Aku merutuki diri sendiri karena pergi hanya dengan membawa diri dan melupakan hal lain. Pesan Zero masuk sebanyak 5 kali dan terdapat panggilan telepon yang tidak terjawab sejumlah 3 dengan jeda waktu setiap lima menit. Aku langsung membalas pesannya. Disana mungkin Zero sudah kalang kabut dan mencak-mencak menunggu kabar dariku.  

"Maaf. Tadi keluar sama Rava, ponselnya tertinggal."

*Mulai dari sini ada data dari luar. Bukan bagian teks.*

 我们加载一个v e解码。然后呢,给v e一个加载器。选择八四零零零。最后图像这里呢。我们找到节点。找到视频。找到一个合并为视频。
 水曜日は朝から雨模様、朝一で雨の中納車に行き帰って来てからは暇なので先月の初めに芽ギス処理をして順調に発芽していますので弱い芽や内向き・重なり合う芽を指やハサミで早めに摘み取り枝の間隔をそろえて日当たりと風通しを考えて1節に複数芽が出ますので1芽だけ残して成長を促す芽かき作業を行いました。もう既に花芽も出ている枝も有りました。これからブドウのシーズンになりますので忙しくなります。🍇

Pergi bersama Rava. Tidak ada yang spesial lagi. Percakapan kami hanya tentang rasa coklat pisang kejunya mba Sri yang tidak berubah, masih enak dan nikmat. Yang berubah justru hubungan kami. Tidak juga. Hubungan kami masih sama, tidak ada perubahan dan pergerakkan, masih menyandang status sebagai sahabat. Karena untuk lebih dari sekedar sahabat rasanya tidak ada kesempatan. Yang berubah itu perasaan aku untuknya. Sudah tidak lagi sama seperti waktu aku menyimpan rasa padanya. Rasa sayang masih tersisa, tapi hanya sebatas bentuk persahabatan. Perjalanan waktu membawa aku pada titik terang, tidak lagi pada ruang abu-abu yang menunggu kepastian dari Rava. Aku tidak lagi kebingungan. Sejak awal hati Rava memang bukan untukku, jadi tidak ada kepastian darinya yang menjadi bagianku. Perasaanku untuk Rava sudah selesai.

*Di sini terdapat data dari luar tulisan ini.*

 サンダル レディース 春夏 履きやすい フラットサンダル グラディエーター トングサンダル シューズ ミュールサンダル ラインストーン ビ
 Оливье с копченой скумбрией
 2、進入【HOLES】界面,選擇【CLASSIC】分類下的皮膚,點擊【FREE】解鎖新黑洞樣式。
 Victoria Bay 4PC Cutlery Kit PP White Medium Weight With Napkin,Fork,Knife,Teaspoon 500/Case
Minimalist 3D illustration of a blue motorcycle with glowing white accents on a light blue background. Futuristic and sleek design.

Dering ponsel membuyarkan lamunanku mengenai Rava. Siapa lagi kalau bukan Zero, laki-laki itu menelepon padahal sudah pukul 10.16 wib. Sebelum menjawab, aku menutup rapat pintu kamar dan menguncinya supaya suaraku tidak sampai keluar. Ayah dan abang perlu istirahat dengan nyaman karena besok harus bergulat lagi di bengkel. Aku tidak mau mengusik waktu istirahat mereka. 

"Halo?"

"Hai!" sapanya dari kejauhan. Aku mendengar suara kendaraan sahut menyahut, sepertinya Zero lagi tidak di rumah. "Kemana sama Rava?"

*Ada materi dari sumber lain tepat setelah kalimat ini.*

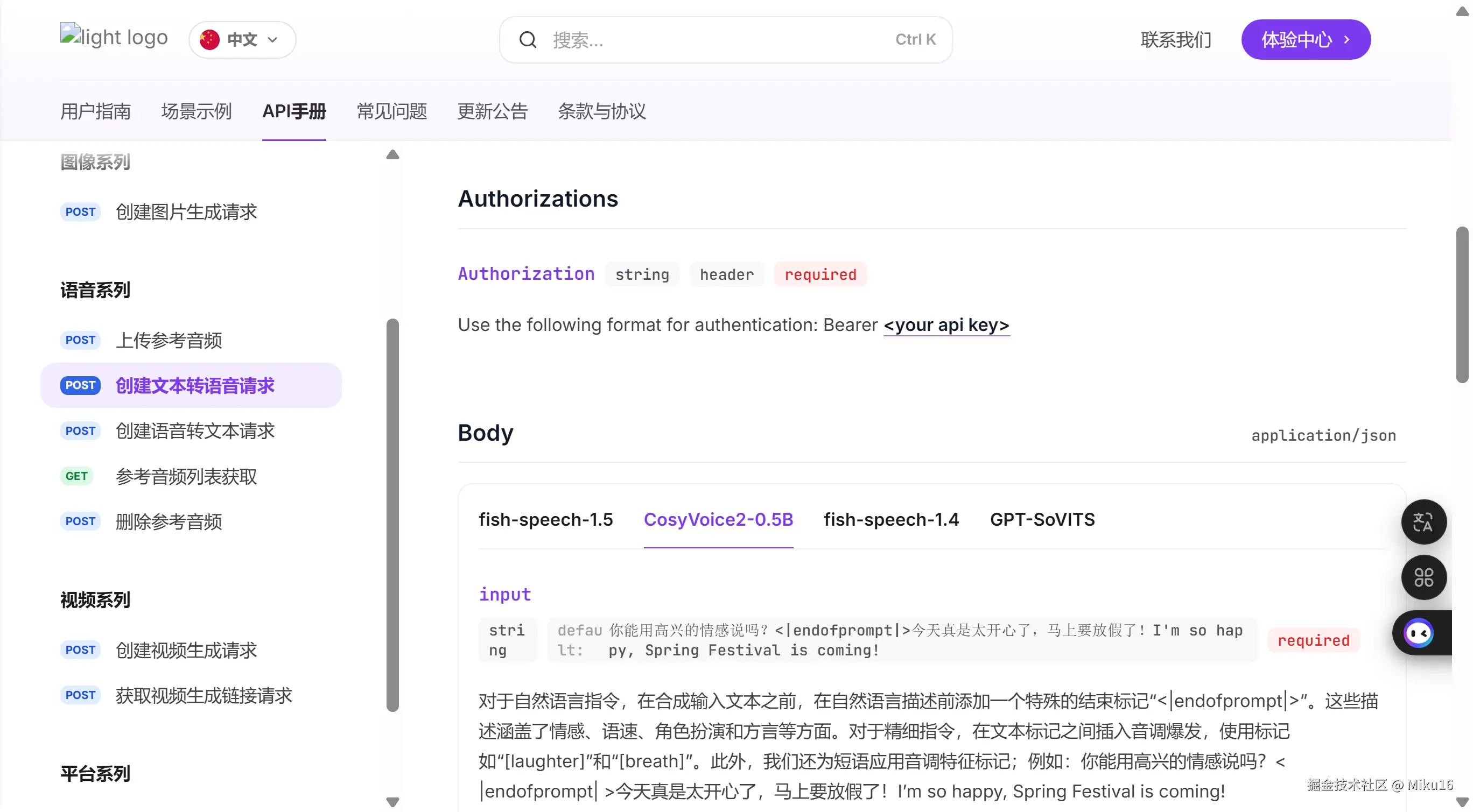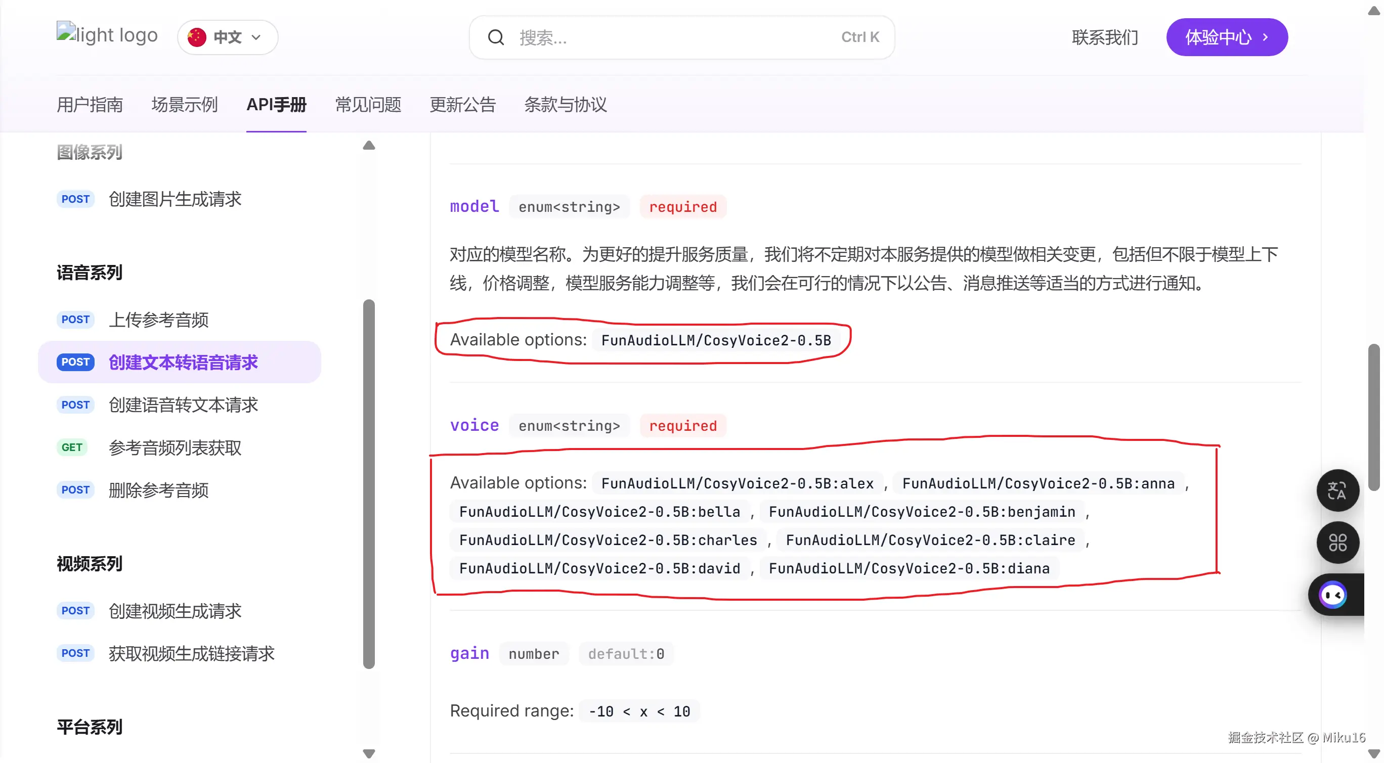 查阅SiliconFlow的api文档,在语音系列查看“创建文本转语音请求”类型。根据“Body”请求体配置参考来选择模型和声音。

"Makan pisang coklat keju mba Sri."

"Enak?"

"Enak. Sudah lama kami tidak kesana, ternyata rasanya masih sama."

"Besok kita yang kesana, ya?"

"Kenapa?"

"Biar aku tidak kalah sama dia."

Aku tersenyum. Zero sipecemburu. "Kamu lagi diluar, ya?"

"Iya."

"Main sama teman-teman?"

"Bukan."

"Jadi?"

Zero berdehem, aku menunggu jawabannya yang ada sedikit jeda. "Tadi mau ke rumah kamu. Habisnya gak ada kabar. Kan, takut, kalau kenapa-kenapa."

Aku tergelak tawa. Ini lucu dan menyenangkan. Hatiku mendadak berbunga-bunga. Aku beranjak naik ke ranjang dan merebahkan diri, lalu menarik selimut setengah badan. Hangat. "Jadi ini sekarang dimana?"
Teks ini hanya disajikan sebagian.